Being a quiet place, the fresh snow hangs around that little bit longer in Torgon. For an intermediate rider looking to venture away from the pistes without going too far, there are some sections that will be interesting, but nothing epic. There's an easily accessible decent under the Grands Places chair, for example. Those who know what they're doing may get bored quickly. If you want to explore more, you can try the Torgon snow school: 079 314 80 08 or email@example.com
Torgon has an un-groomed, but controlled, freeride area under the Tronchey chairlift. It's a similar setup to the 'Snow Cross' areas found in Avoriaz. It's an advanced run: steep, narrow in places, with trees at the side and smaller shrubs dotted around in the middle. It drops straight onto a regular run leading back to the chair, so it's easily lapped. Like most controlled off-piste areas, moguls form quickly after a good snowfall.
Freestylers don't flock to this resort as they do to others in the Portes Du Soleil.
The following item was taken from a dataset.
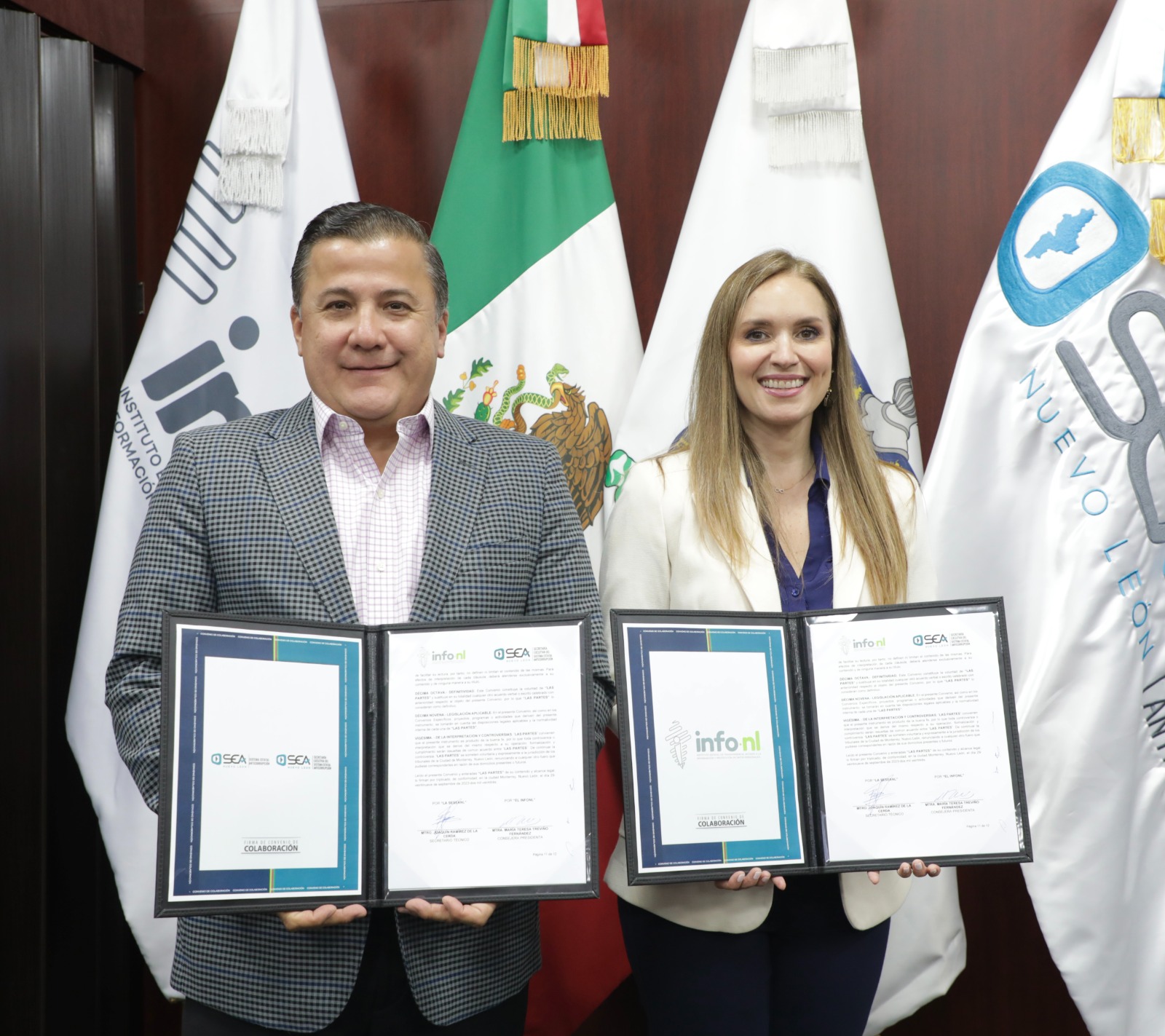 La Consejera Presidenta del INFONL, María Teresa Treviño Fernández, signó el convenio de colaboración con el Secretario Técnico de la Secretaría Ejecutiva del Sistema Estatal Anticorrupción del Estado de Nuevo León (SESEANL), Joaquín Ramírez De La Cerda, con la finalidad de mejorar sus procesos de rendición de cuentas en el ámbito de sus respectivas competencias y capacidades.
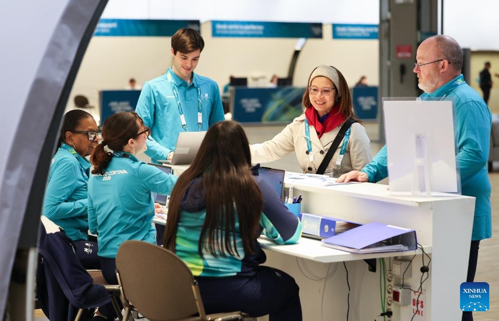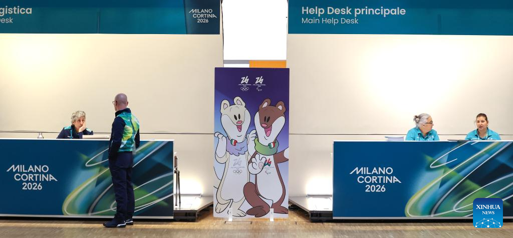 A staff works at a help desk in the main media center (MMC) of the Milan-Cortina 2026 Olympic Winter Games in Milan, Italy, Jan. 28, 2026. (Xinhua/Du Xiaoyi)

Torgon doesn't have it's own park, nor is it known for an abundance of natural hits. There is a pretty good park in Super Chatel: the Smooth Park. Although Super Chatel is joined with Torgon by lifts, it still takes a bit of time to get there. If you don't have a full pass for the Portes Du Soleil, the cut-down, 'Evasion' pass covers Chatel.
Piste lovers may be put off by the number of T-bars in this area, but if you can look past that, there are some good groomers. Most of the selection are wide and flat, with the advantage of low slope traffic, which keeps afternoon moguls at bay, unlike busier parts of the Portes Du Soleil. If you like fast, the red run, Djeu des Tetes is perfect.
There are 3 lift pass options in Torgon: a full area pass, the Evasion pass, covering Torgon, Châtel, La Chapelle d'Abondance, Morgins and Champoussin, and the local pass for Torgon and La Chapelle d'Abondance only, which includes the lifts running up to Cret Beni and La Combe. If you're looking to spread out a little, the Evasion pass may be more realistic than the full area pass. When moving between Swiss and French slopes you're supposed to have your passport or identity card with you.
Exploring the rest of the Portes Du Soleil from Torgon isn't particularly easy. It's around 2 hours from the base to reach the Avoriaz area, that's heading down into Chatel to get a bus to Pre La Joux. An advanced rider may be able to make it Les Crosets using the slopes in around the same time. Remember to leave enough time to get back.
If you're looking for a view of Lake Geneva from the slopes there are two spots: the top of the La Jorette chair and the top of the Tronchey chair.
Beginners may find it difficult exploring to new runs and places from Torgon as the surrounding pistes are all either blue or red and they make heavy use of drag lifts. Even access from the first lift is difficult. To move away it's a blue (trail) and the home run is red.
There are however some really nice beginner runs between Torgon and Chapelle. The greens around Col de Braitaz Conche are wide, flat and quiet. They also offer trees and beautiful scenery; but again, getting there and back for a fresh beginner isn't easy.